Plot Details/Summary
I'm afraid I'm pretty light on details on this one, but here's what I can remember. The novel opens with a castle or other fortified area being over run by an enemy army. These enemy troops have been augmented by sorcery, in that they cannot feel pain of any sort. So, they ignore wounds and the like that are not immediately fatal. There may be additional magics involved, like enchanted weapons or the like, but I only recall the lack of pain element. I seem to remember the color white, here in a unfeeling, cold-hearted sense, being associated with the enemy army or empire.
The protagonist is a warrior from some small village (the novel was very run-of-the-mill and used a lot of the standard fantasy tropes). The enemy empire was run by wizards of a sort. I think the enemy empire's name was something like Khargish, or Kargan, but I can't be certain of that (Google has been no help here).

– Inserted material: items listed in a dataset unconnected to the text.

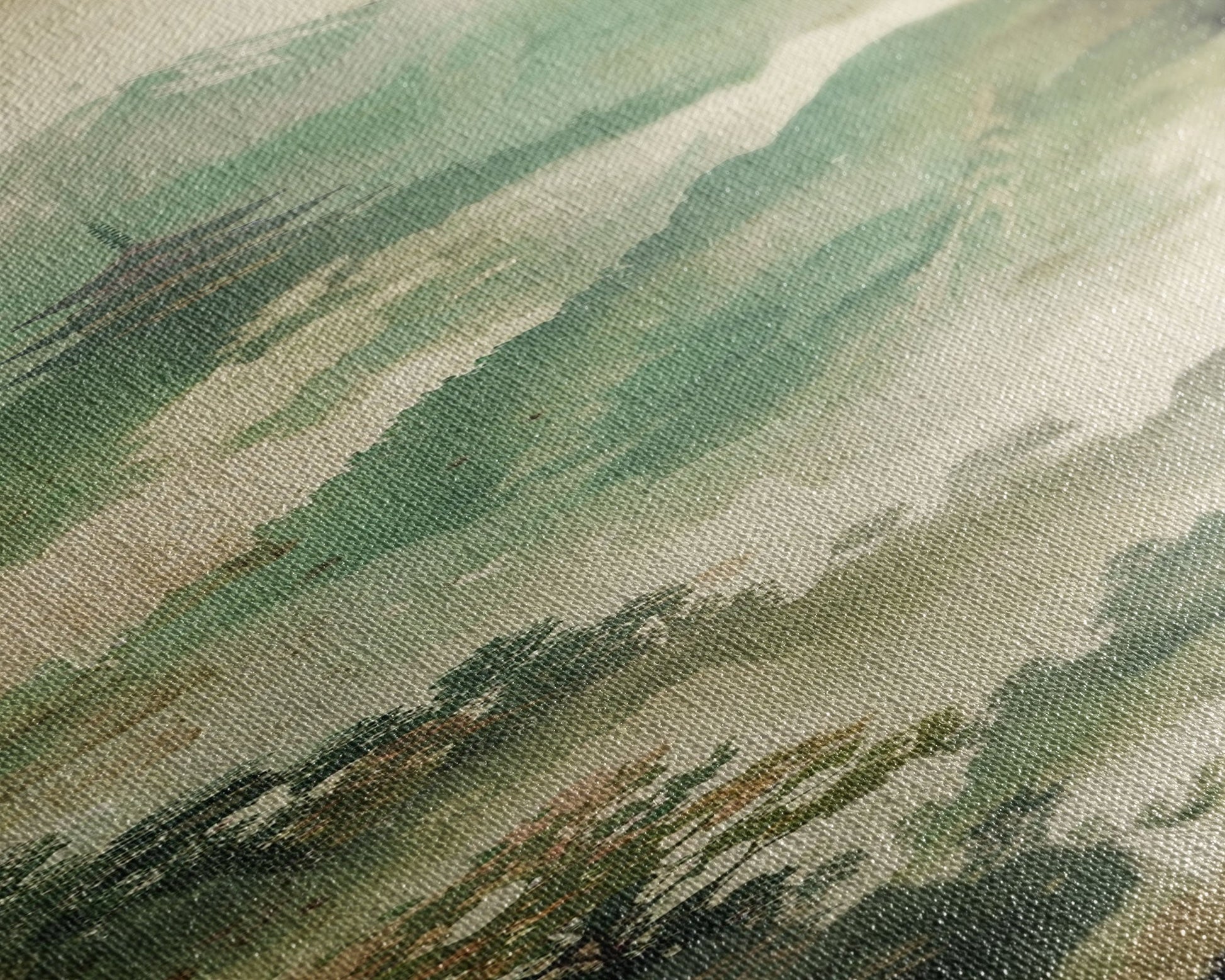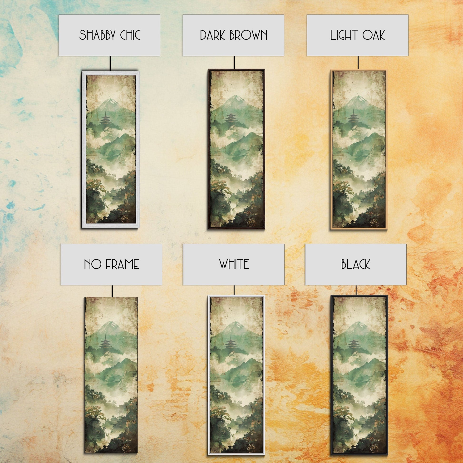 Skinny Art Tall Art Framed Canvas Print Japanese Style Art Foggy Mountain Temple Landscape Wood Block Print Ukiyo-e Feng Shui Wall Art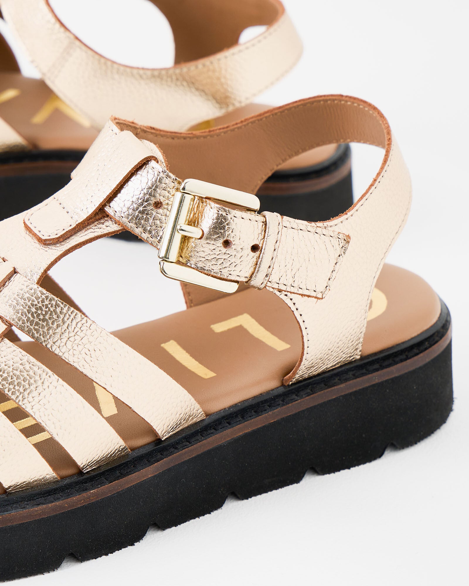 Fisherman Gold Metallic Strappy Leather Sandals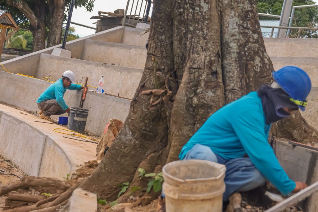 El proyecto, ubicado en la colonia Santa Anita, se ejecuta en un área de más de 2,560 metros cuadrados y con trabajos a la fecha de conformación de taludes, repello de muros perimetrales y drenajes, entre otros,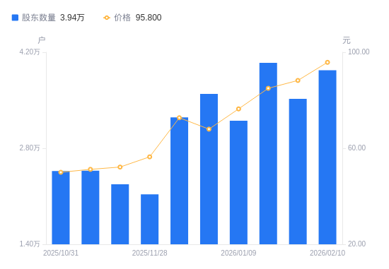 近一年(2025年2月10日至2026年2月10日),杰瑞股份A股股东户数从2.4万户,增加至3.94万户,增幅63.78%,区间股价上涨155.06%。

I don't recall much of the story, but the protagonist and his desperate comrades prevail. I do remember that, after the final battle, the hero and his surviving allies are so exhausted, they collapse on their bunks and sleep for hours. They've been up several days straight fighting. When they awake, local women come out to provide them with water to bathe. Many of the men are covered in gore, sweat, and dirt. There is a passage where the protagonist talks of the sensation of the water poured over his itching flesh, and how good it felt to get all the dried blood off of him. The local women offer to launder the warrior's gore-crusted clothes at the river. The protagonist agrees, except for the hand-woven cloak his village had given him before heading off to war. He feared they might damage the fine design on it or something.
Publication Timeframe/Other Details
I think this one came out in the 1980s. I remember that's when I picked it up in used book store. There may have been a dragon or other fantastic beast on the cover, but I cannot be certain of that. The author was not one of the big names that I was familiar with at that time- i.e. it wasn't Tolkien or John Varley or Terry Brooks, etc.